4. As is well known, arbitration is an arrangement for taking and abiding by the judgment of selected persons in some disputed matters, instead of carrying the dispute to established courts of justice and is intended to avoid the formalities, the delay, the expense and vexation of ordinary litigation. The object of the Act is to make appropriate provision for an arbitral procedure which is fair, efficient and capable of meeting the needs of the specific arbitration and to minimize the supervisory role of courts in the arbitral process so as to promote the concept of arbitration as an effective dispute resolution mechanism. The Act is a code by itself. Section 5 of the Act which begins with a non obstante clause provides without any sort of ambiguity that in matters governed by Part I of the Act, there shall not be any judicial interference except where so provided in the said Part. Of course, a legislative enactment cannot curtail a constitutional right including the one provided for under Article 226 of the Constitution, but it is now trite that the said power can be invoked only in exceptional circumstances where a party to a dispute is left remediless under the statute or a clear bad faith is shown by one of the parties. The question arises for consideration, therefore, is whether the petitioner has made out any exceptional circumstances or bad faith on the part of the second respondent, for invoking the remedy under Article 226 of the Constitution.

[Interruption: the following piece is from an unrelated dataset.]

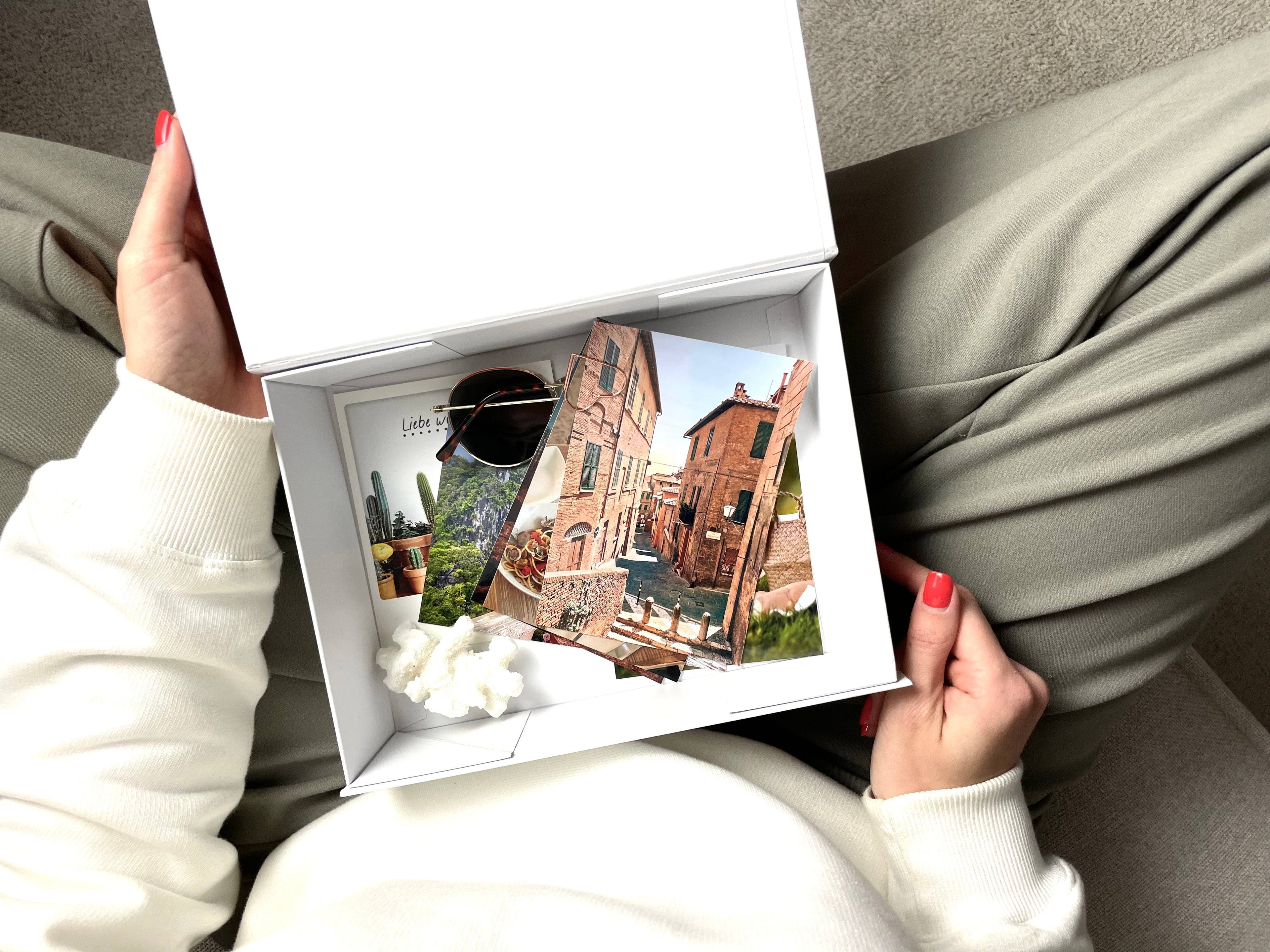 Wähle aus unserer vielfältigen Auswahl an Boxen, die speziell auf verschiedene Themen zugeschnitten sind. Ob es um die Liebe geht, um Reisen oder um familiäre Meilensteine – bei uns findest du die passende Box, um deine einzigartige Geschichte zu erzählen.

5. Sub-section (2) of Section 13 of the Act lays down the procedure to challenge the appointment of an arbitrator. True, sub-section (4) of Section 13 provides that if such a challenge is not successful, the arbitral tribunal shall continue the arbitral proceedings and make an arbitral award.

Sub-section (5) of Section 13, however, clarifies that where an arbitral award is made under sub-section (4), the party challenging the arbitrator is free to make an application for setting aside the arbitral award in accordance with Section 34 of the Act. In other words, a very effective alternative remedy is provided in the Act for a party to an arbitral proceedings who is challenging the arbitrator. It is evident from the provisions contained in Section 13 of the Act that the scheme of the Act is that the grievances of the parties concerning the appointment of the arbitrator shall be addressed in terms of the provisions of the Act itself and that there shall not be any judicial interference in the course of the arbitral proceedings for redressal of such grievances. That being the scheme of the Act, according to me, if the courts interfere in the arbitral process beyond the ambit of the Act, the efficiency of the arbitral proceedings would be impaired and the object of the Act would be defeated.

In the said view of the matter, according to me, there is no merit in the writ petition and the same is, accordingly, dismissed.